As businesspeople wandered by, protesters young and old aired their disgust with financial institutions.

Though the stretch of South Wacker Drive is more Wall Street than it is Wild West, this week it is the scene of what is billed as a " Showdown in Chicago." Monday morning, a large group of protesters crowded the block surrounding the downtown Chicago headquarters of Goldman Sachs.

"Bust up big banks! Bailout? No thanks!" they screamed in unison. Their target was the American Bankers Association (ABA), the largest lobby group for financial institutions, holding their annual convention in Chicago this week.

The protest was organized by National People's Action, a Chicago-based network of metropolitan, regional, and statewide organizations working to "build grassroots power." Despite their recruitment of local heavy-hitters including the Service Employees International Union and Action Now, with cross-promotion from national groups such as to the  Center for Economic and Policy Research, there was a genuine grassroots feel to the event.

As businessmen and women in suits skirting the crowd had to walk in front of a cordon of Chicago cops in the street in order to get by, protesters young and old held a combination of signs registering their disgust with financial institutions. One grandmotherly-looking woman held a sign that said "Kidz say Goldman sux." Another sign reached back to the language of Reaganomics, complaining of being "pissed" after "being trickled down on" for so long.

Not that the mass-produced signs didn't have flair to them as well. Oversized "warrants" called for the arrest offormer  Bank of America Chair Ken Lewis as well as  Wells Fargo CEO John Stumpf and others. The "superhero" known as  Downsized Man was there with a sign that shouted "Reclaim America!"

Other protesters had personal stories to tell.

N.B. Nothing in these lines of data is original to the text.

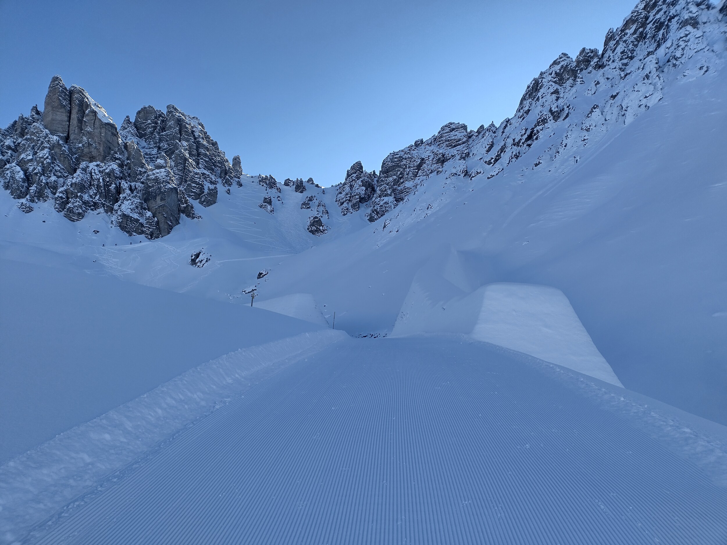 Die Raupenspuren auf der Damenabfahrt ziehen sich bis unten durch, und graben dabei schon steine aus. Dafür ist unten der Maschienenschnee nicht gepresst sondern pulvrig und fährt sicht ganz gut.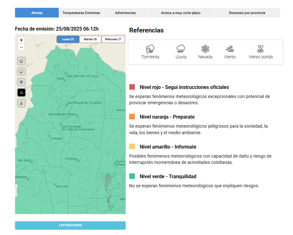 La pauta general para la última semana de agosto expone que a pesar de esas mañanas frías, gracias al resto de factores meteorológicos mencionados, las máximas que se manifestarán pasado el mediodía alcanzarán más de 23°C. Afortunadamente ya no rigen alertas de nigún tipo para la región.
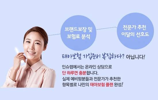 태아 보험 비교사이트 인슈랩(http://news.insulab.co.kr/?a=122) 에서는 손해 보험vs생명 보험 비교와 함께 30세vs100세 만기, 보험 가격, 보장, 순위 등 비교견적을 통해 필요한 보장내용만을 선택하여 적절한 보험료로 가입할 수 있도록 전문 상담을 통해 도와주고 있다. 그리고 다태아(쌍둥이)는 물론 인공수정, 시험관 임신의 태아 보험 정보까지 갖추고 있어 고객들에게 좋은 반응을 얻고 있다.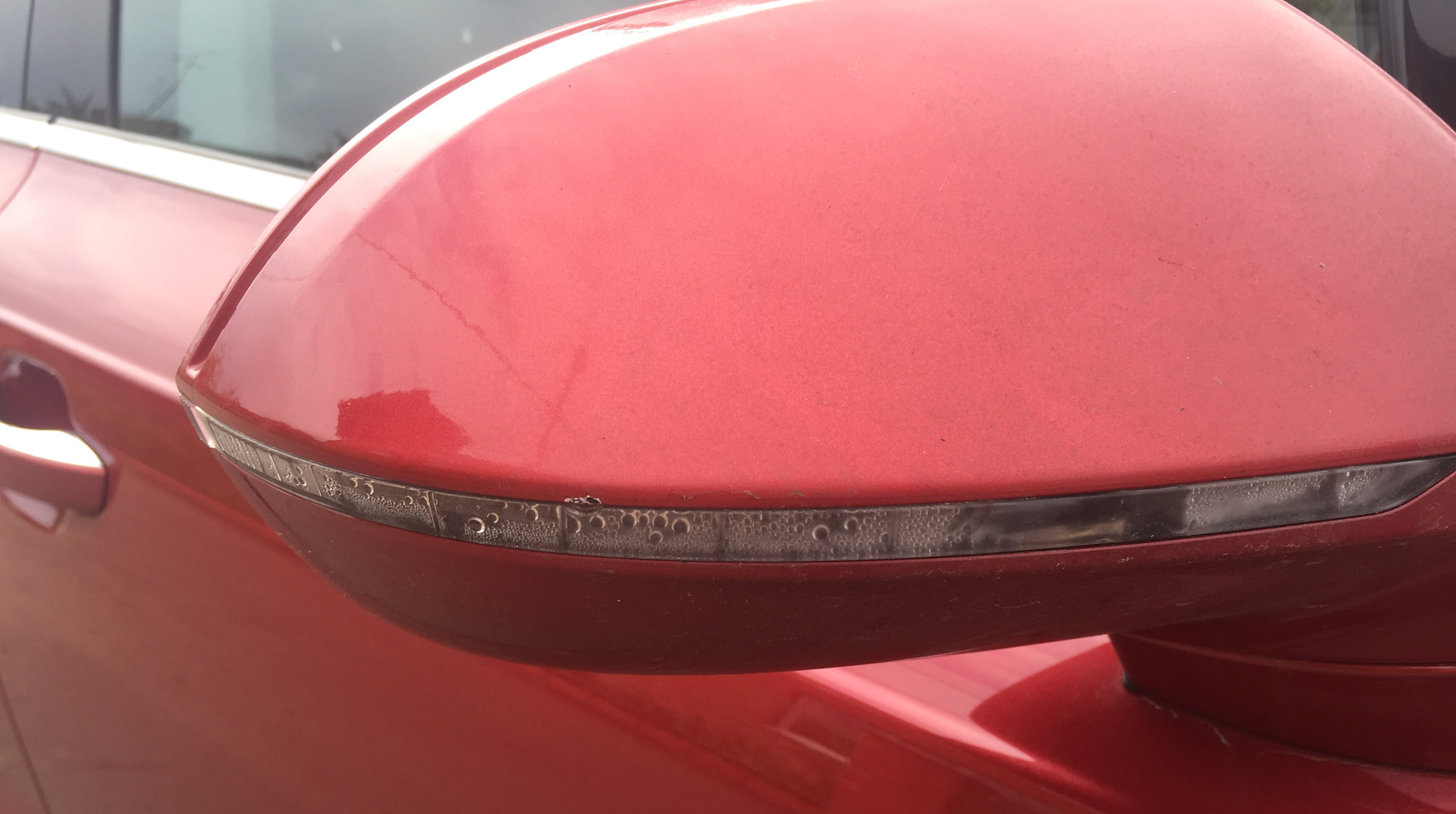 Все началось с того, что в один прекрасный день у меня появилась информация о неисправности "Правого бокового указателя поворота". Добравшись до дома я решил проверить, что не так. Включив аварийку и подойдя к зеркалу увидел, что правый поворотник потерял интенсивность своего свечения и появился конденсат внутри повторителя.

Keith Scribner, president of UE local 1174, was in Chicago representing his fellow union members from  Quad City Die Casting in Moline, IL. Back in May, the factory owners told the workers there that they were going to have to close down, not because they were out of money, but because Wells Fargo wouldn't lend the 60-year-old company the money it needed to continue doing business. When they finally closed the doors Sept. 4, all 100 employees became unemployed, and none were compensated for their lost vacation time, nor their health benefits, which the bank had stopped paying out way back in May. Scribner said the total owed to the union members is $220,000.

"That's why were here. We're protesting because they owe us money," he said.

Now Scribner is fighting two banks, because as Wells Fargo denies his benefits, Bank of America is foreclosing on his house.

"This guy got a double whammy. His business closed even though it could have stayed open another 50 years. And he's losing his house and the bank won't even talk to him about how to stay in it. They just don't care," said Leah Fried, an organizer with UE. "They don't care about rising unemployment, they don't care about people losing their homes, they don't care about homelessness. They don't care. So unless we force the issue, it will not change."

Organizers of Monday's protest picked Goldman at least partially because of their profit margins. They called protesters to come out and stand in the drizzle to " ask Goldman Sachs to donate its entire projected $23 billion dollar bonus pool to prevent every foreclosure in America in 2010 and lift one million families out of the poverty and joblessness that was caused by Goldman Sachs' gambling with our economy."

But it's more than simple payback motivating protesters; the heavy resistance being put up by banks to new regulatory reforms designed to keep the country from getting into this mess again plays a significant role, too. In fact, the annual ABA meeting that protesters are attempting to disrupt specifically focuses on teaching bankers how to help derail progress in the arena.